Input material
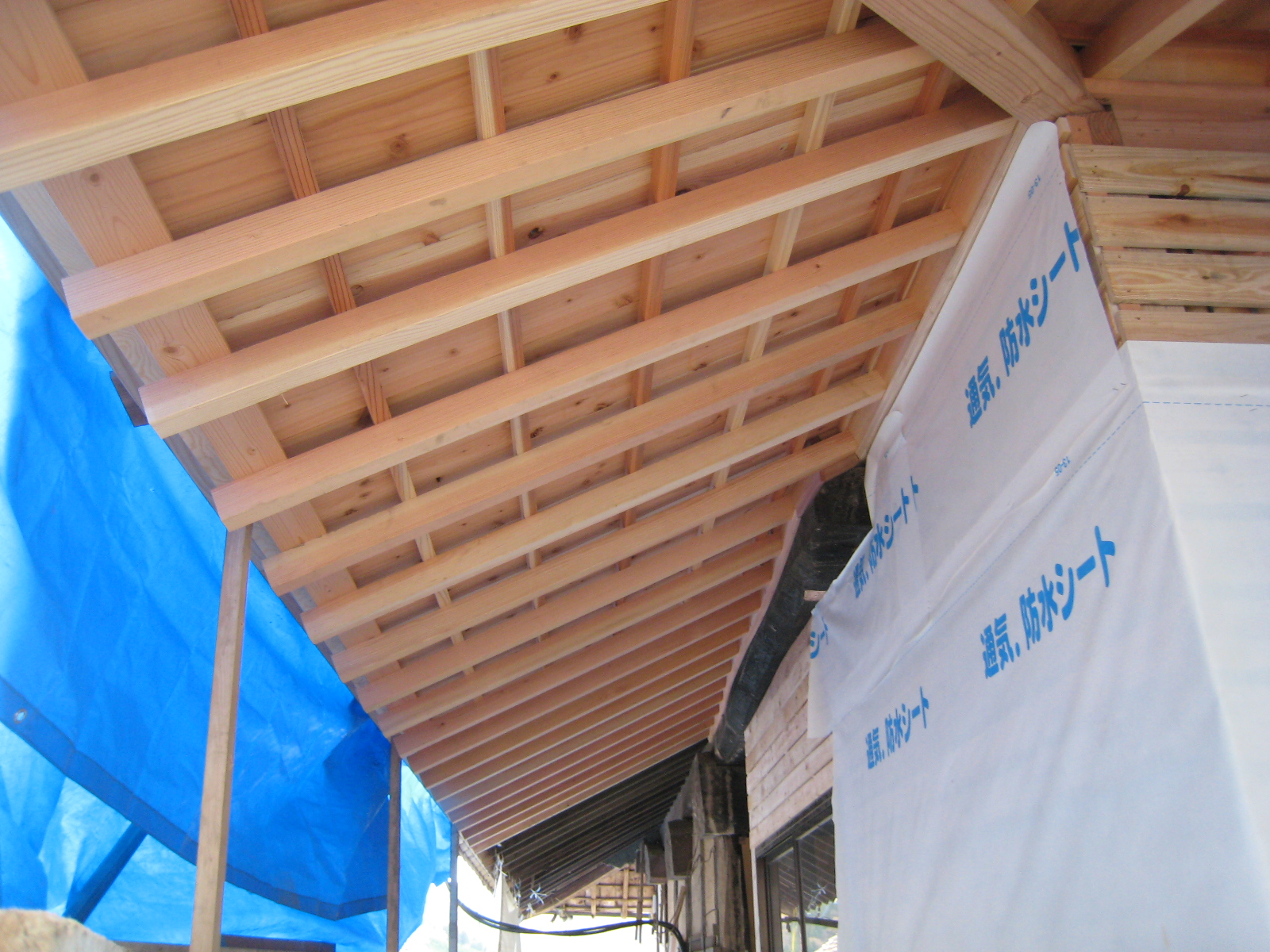 減築したことで外壁や屋根は新たに造り替えることになりました。 今は雨や雪の対策としてブルーシートで覆ってあるので、 軒裏からみたところの写真です。
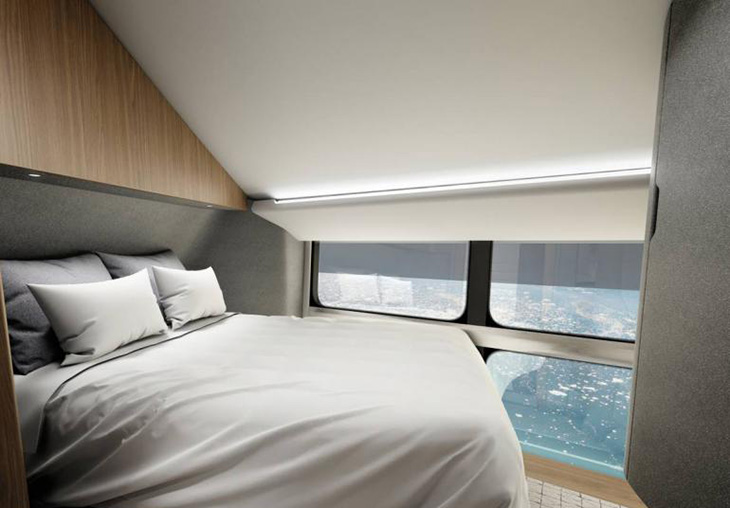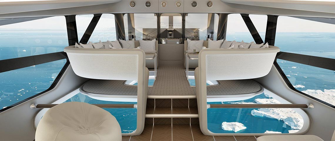 Ce jet privé est conçu pour accueillir 19 passagers et membres d’équipage pour une expédition de 3 jours. Il ne nécessite pas obligatoirement de piste pour atterrir, mais simplement d’une surface plane.
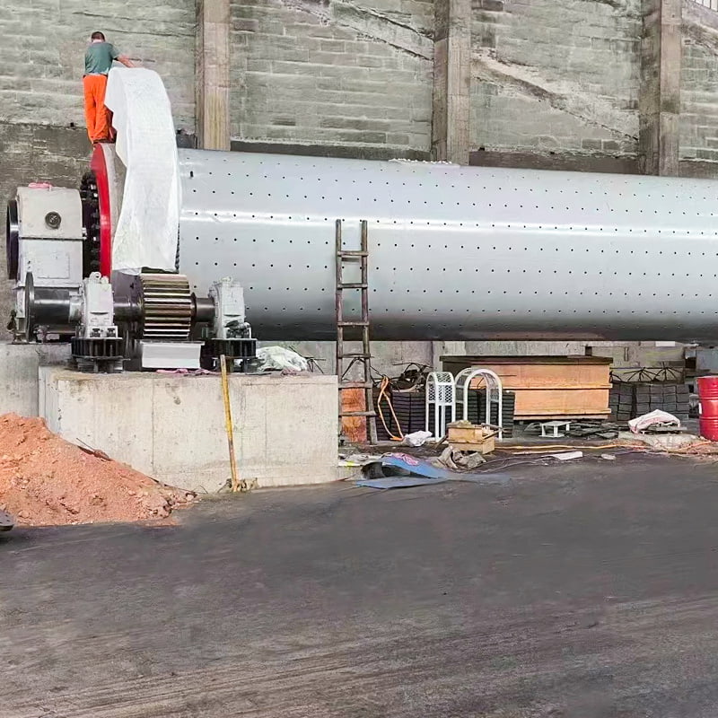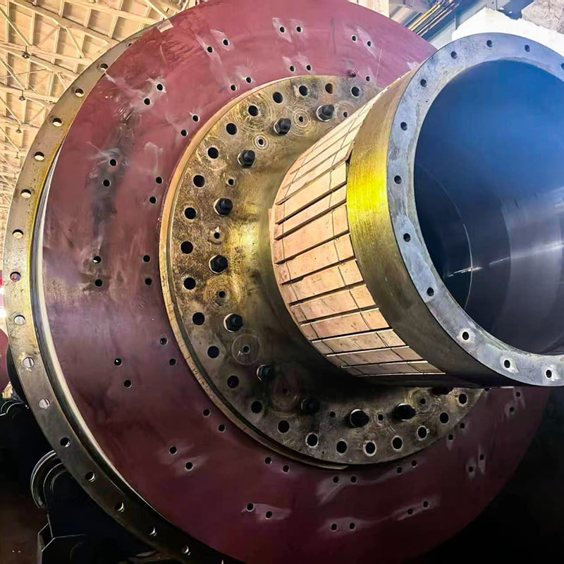 تدخل المادة إلى الأسطوانة من خلال أقسام التغذية والمدخل. تدور وسائط الطحن (كرات الفولاذ/كرات السيراميك) الموجودة في الأسطوانة مع المادة، مما يولد قوة الطرد المركزي. عندما يتم رفع الوسائط إلى ارتفاع معين، فإنها تسقط بسبب الجاذبية. يؤدي تأثير وتآكل وسائط الطحن على المادة إلى سحقها. يتم بعد ذلك تفريغ المادة المسحوقة من خلال منفذ التفريغ، الذي يتم تشغيله بواسطة مياه التغذية والشطف، لإكمال عملية الطحن. تتكون مطحنة الكرات من قسم تغذية، وقسم تفريغ، وقسم دوار، وقسم نقل (مخفض، وتروس نقل صغيرة، ومحرك، وتحكم إلكتروني). العمود المجوف مصنوع من الفولاذ المصبوب مع بطانة داخلية قابلة للإزالة. يتم ربط الترس الدوار الكبير من الصب. تم تبطين الأسطوانة ببطانة مقاومة للتآكل للحصول على مقاومة ممتازة للتآكل. تعمل هذه الآلة بسلاسة وموثوقية.
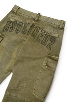 Vintage-effect stretch gabardine cargo pants. A garment with a strong character, with spots of color and the deliberately ruined Dsquared2 logo, perfect for standing out.
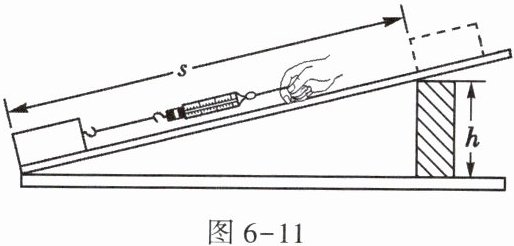 11. 如图6-11所示,将一个重9N的物体从斜面底端匀速直线拉到斜面顶端,沿斜面向上的拉力为3.6N,在斜面上移动的距离s= 1.2m,物体升高的高度h= 0.3m。下列说法正确的是()
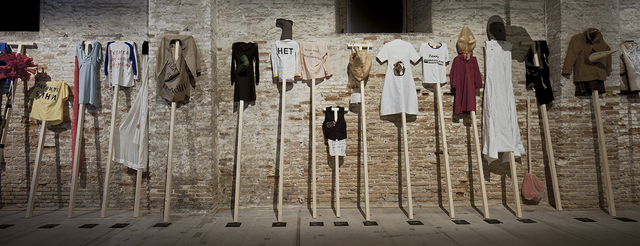 GLUKLYA/Natalia Pershina-Yakimanskaya. Clothes for the demonstration against false election of Vladimir Putin, 2011-2015; 56th International Art Exhibition – la Biennale di Venezia, All the World’s Futures. Courtesy of la Biennale di Venezia. Photo: Alessandra Chemollo.
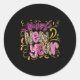 Pegatina Redonda Happy New Year Hello 2026 Retro Leopard
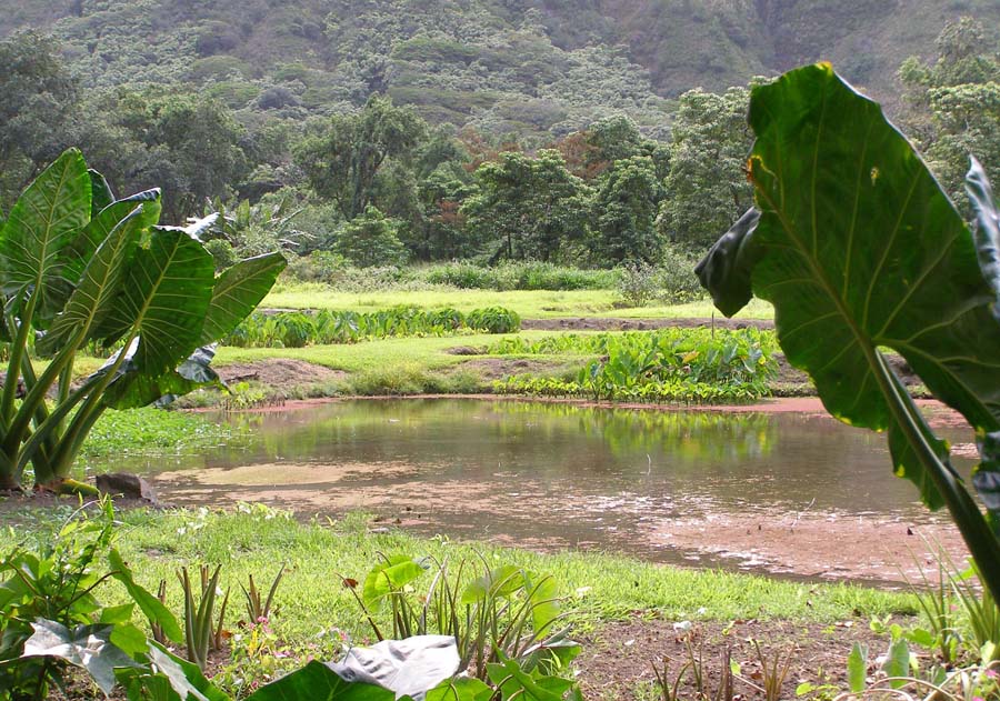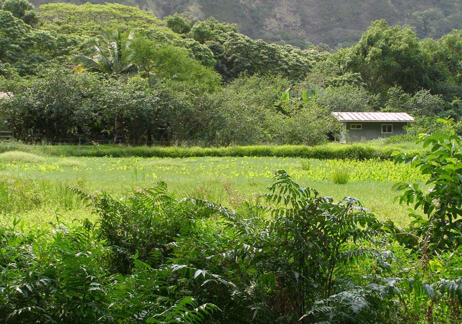 まだ数軒、人が住んでいる家が在る。 湿地でタロ芋などの栽培をしている。
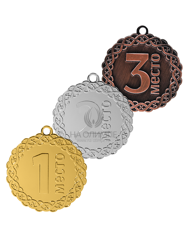 Комплект из 3-х наградных медалей 45 мм "1,2,3 место" (цвет: золото, серебро, бронза). Ленты заказываются отдельно.
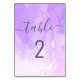 Número da tabela de casamento do roteiro de água roxo. Adequado para aniversário, aniversário e qualquer outra festa.
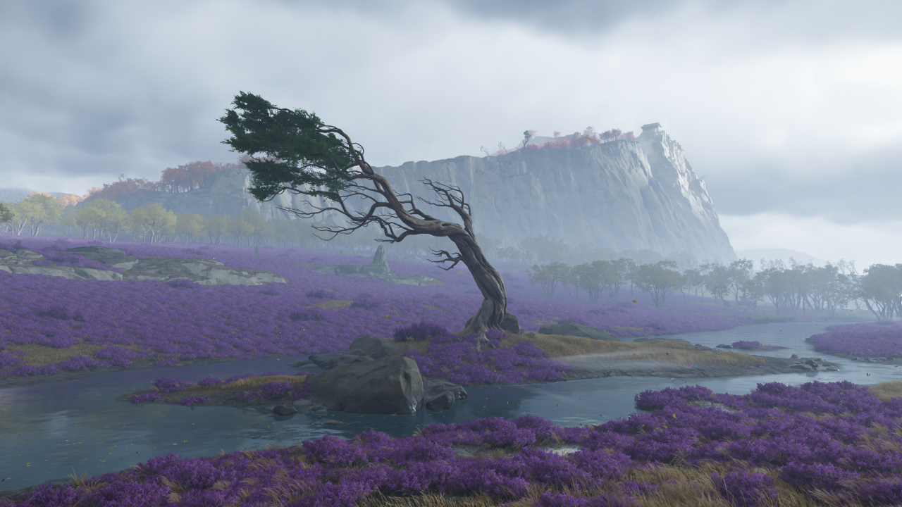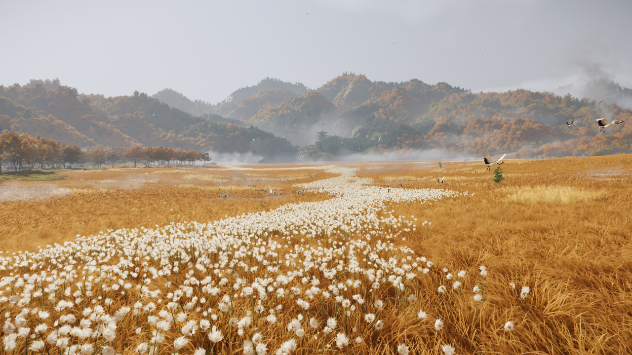 - Distanța de randare (Draw Distance): În loc să deseneze toate detaliile la infinit, asseturile se estompează la un anumit nivel, iar un rendering mesh creează iluzia de valuri care se mișcă la nesfârșit pe teren atunci când vântul suflă prin iarbă.
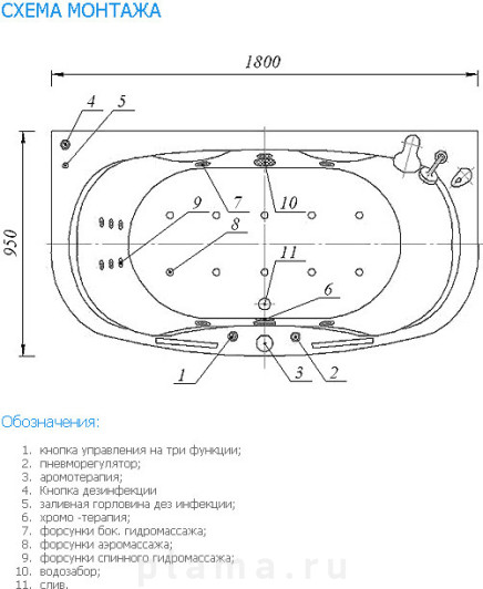 | Аэромассаж | установка по желанию |
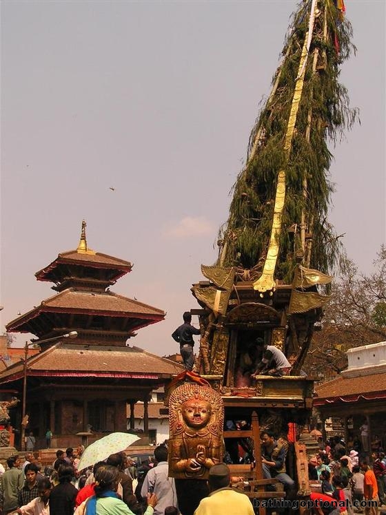 We arrived in Kathmandu in time for a festival during which this giant tree-like shrine is pulled around the city. Nepal, Kathmandu - 28-Mar-07
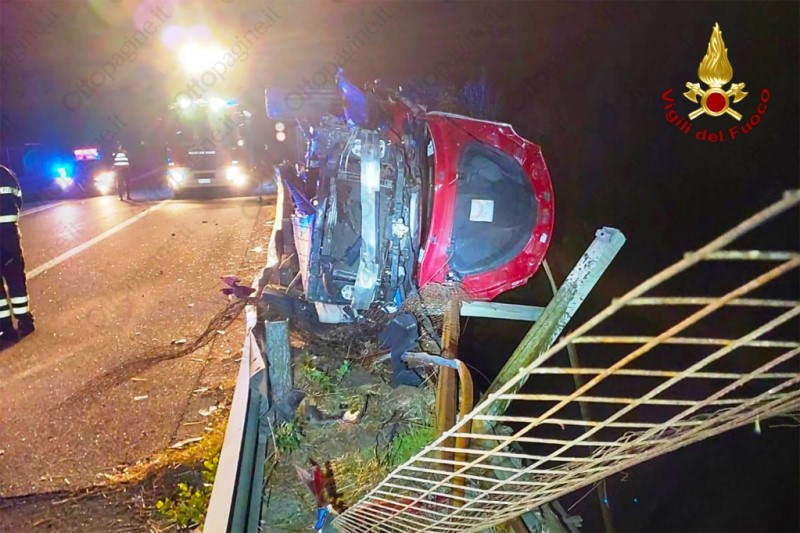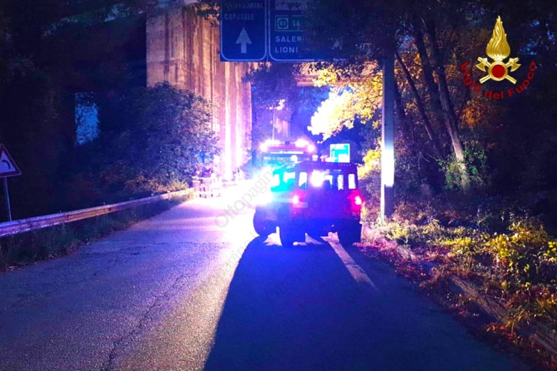 Un volo di oltre trenta metri e la morte. Ancora una croce e sangue sull'asfalto sulla Fondo valle Sele, dove stanotte dopo le 4 si è verificato un tragico incidente stradale. A perdere la vita un 33enne di Caposele. I Vigili del Fuoco di Avellino alle ore 04'15 sono intervenuti sulla Fondo Valle Sele SS 691, al Km. 18'800 nel territorio del comune di Calabritto, per il grave incidente stradale, che ha visto coinvolta una sola autovettura, su cui viaggiava il 33enne. Secondo una prima ricostruzione il giovane, per cause da accertare, ha improvvisamente sbandato andandosi a ribaltare, finendo in bilico sul viadotto. La sala operativa del Comando di via Zigarelli ha immediatamente inviato la squadra del distaccamento di Lioni e quella del distaccamento di Montella, e una volta giunte sul posto, hanno messo in sicurezza l'auto che rischiava di cadere giù, e hanno soccorso il conducente, un uomo di 33 anni residente a Caposele, il quale per il violento impatto era stato sbalzato fuori dall'abitacolo ed era precipitato per circa 30 metri nella vegetazione sottostante. Purtroppo per lui il volo è stato fatale, e il personale medico intervenuto ne ha constatato il decesso. Il corpo è stato recuperato dopo gli adempimenti di rito dai Vigili del Fuoco, sul posto i Carabinieri di Senerchia, Calabritto e Montella che hanno effettuato i rilievi di propria competenza.
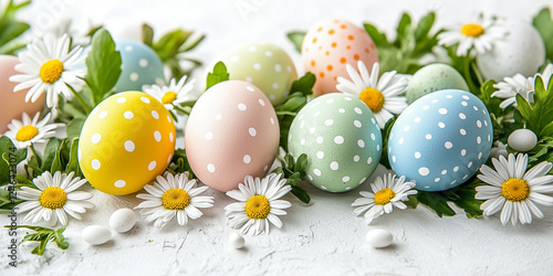 Eine helle, frische Frühlingsszene mit bunten Ostereiern, umgeben von weichen weißen Gänseblümchen und grünen Blättern auf einen weißen Hintergrund Osterkarte Ostern Frohe Ostern
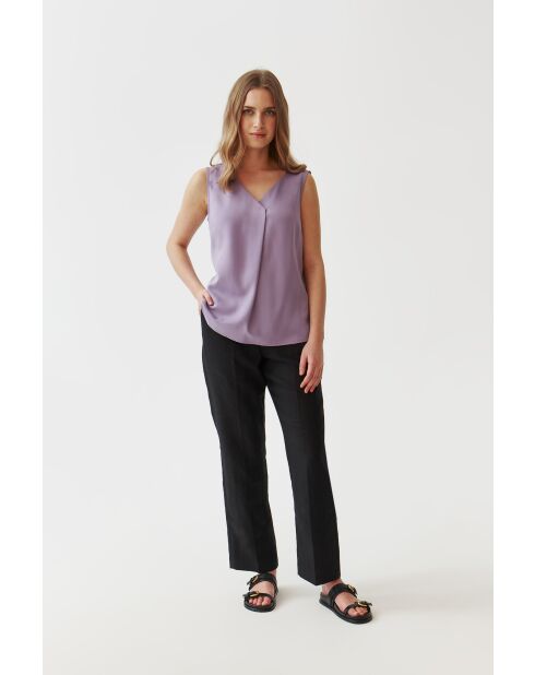 Fließende Bluse mit Puffärmeln und pflaumenblauem Muster

Work to complete
Everything in the records above except the pictures is to be reproduced word for word.

Solution to this exercise
 減築したことで外壁や屋根は新たに造り替えることになりました。 今は雨や雪の対策としてブルーシートで覆ってあるので、 軒裏からみたところの写真です。
 Ce jet privé est conçu pour accueillir 19 passagers et membres d’équipage pour une expédition de 3 jours. Il ne nécessite pas obligatoirement de piste pour atterrir, mais simplement d’une surface plane.
 تدخل المادة إلى الأسطوانة من خلال أقسام التغذية والمدخل. تدور وسائط الطحن (كرات الفولاذ/كرات السيراميك) الموجودة في الأسطوانة مع المادة، مما يولد قوة الطرد المركزي. عندما يتم رفع الوسائط إلى ارتفاع معين، فإنها تسقط بسبب الجاذبية. يؤدي تأثير وتآكل وسائط الطحن على المادة إلى سحقها. يتم بعد ذلك تفريغ المادة المسحوقة من خلال منفذ التفريغ، الذي يتم تشغيله بواسطة مياه التغذية والشطف، لإكمال عملية الطحن. تتكون مطحنة الكرات من قسم تغذية، وقسم تفريغ، وقسم دوار، وقسم نقل (مخفض، وتروس نقل صغيرة، ومحرك، وتحكم إلكتروني). العمود المجوف مصنوع من الفولاذ المصبوب مع بطانة داخلية قابلة للإزالة. يتم ربط الترس الدوار الكبير من الصب. تم تبطين الأسطوانة ببطانة مقاومة للتآكل للحصول على مقاومة ممتازة للتآكل. تعمل هذه الآلة بسلاسة وموثوقية.
 Vintage-effect stretch gabardine cargo pants. A garment with a strong character, with spots of color and the deliberately ruined Dsquared2 logo, perfect for standing out.
 11. 如图6-11所示,将一个重9N的物体从斜面底端匀速直线拉到斜面顶端,沿斜面向上的拉力为3.6N,在斜面上移动的距离s= 1.2m,物体升高的高度h= 0.3m。下列说法正确的是()
 GLUKLYA/Natalia Pershina-Yakimanskaya. Clothes for the demonstration against false election of Vladimir Putin, 2011-2015; 56th International Art Exhibition – la Biennale di Venezia, All the World’s Futures. Courtesy of la Biennale di Venezia. Photo: Alessandra Chemollo.
 Pegatina Redonda Happy New Year Hello 2026 Retro Leopard
 まだ数軒、人が住んでいる家が在る。 湿地でタロ芋などの栽培をしている。
 Комплект из 3-х наградных медалей 45 мм "1,2,3 место" (цвет: золото, серебро, бронза). Ленты заказываются отдельно.
 Número da tabela de casamento do roteiro de água roxo. Adequado para aniversário, aniversário e qualquer outra festa.
 - Distanța de randare (Draw Distance): În loc să deseneze toate detaliile la infinit, asseturile se estompează la un anumit nivel, iar un rendering mesh creează iluzia de valuri care se mișcă la nesfârșit pe teren atunci când vântul suflă prin iarbă.
 | Аэромассаж | установка по желанию |
 We arrived in Kathmandu in time for a festival during which this giant tree-like shrine is pulled around the city. Nepal, Kathmandu - 28-Mar-07
 Un volo di oltre trenta metri e la morte. Ancora una croce e sangue sull'asfalto sulla Fondo valle Sele, dove stanotte dopo le 4 si è verificato un tragico incidente stradale. A perdere la vita un 33enne di Caposele. I Vigili del Fuoco di Avellino alle ore 04'15 sono intervenuti sulla Fondo Valle Sele SS 691, al Km. 18'800 nel territorio del comune di Calabritto, per il grave incidente stradale, che ha visto coinvolta una sola autovettura, su cui viaggiava il 33enne. Secondo una prima ricostruzione il giovane, per cause da accertare, ha improvvisamente sbandato andandosi a ribaltare, finendo in bilico sul viadotto. La sala operativa del Comando di via Zigarelli ha immediatamente inviato la squadra del distaccamento di Lioni e quella del distaccamento di Montella, e una volta giunte sul posto, hanno messo in sicurezza l'auto che rischiava di cadere giù, e hanno soccorso il conducente, un uomo di 33 anni residente a Caposele, il quale per il violento impatto era stato sbalzato fuori dall'abitacolo ed era precipitato per circa 30 metri nella vegetazione sottostante. Purtroppo per lui il volo è stato fatale, e il personale medico intervenuto ne ha constatato il decesso. Il corpo è stato recuperato dopo gli adempimenti di rito dai Vigili del Fuoco, sul posto i Carabinieri di Senerchia, Calabritto e Montella che hanno effettuato i rilievi di propria competenza.
 Eine helle, frische Frühlingsszene mit bunten Ostereiern, umgeben von weichen weißen Gänseblümchen und grünen Blättern auf einen weißen Hintergrund Osterkarte Ostern Frohe Ostern
 Fließende Bluse mit Puffärmeln und pflaumenblauem Muster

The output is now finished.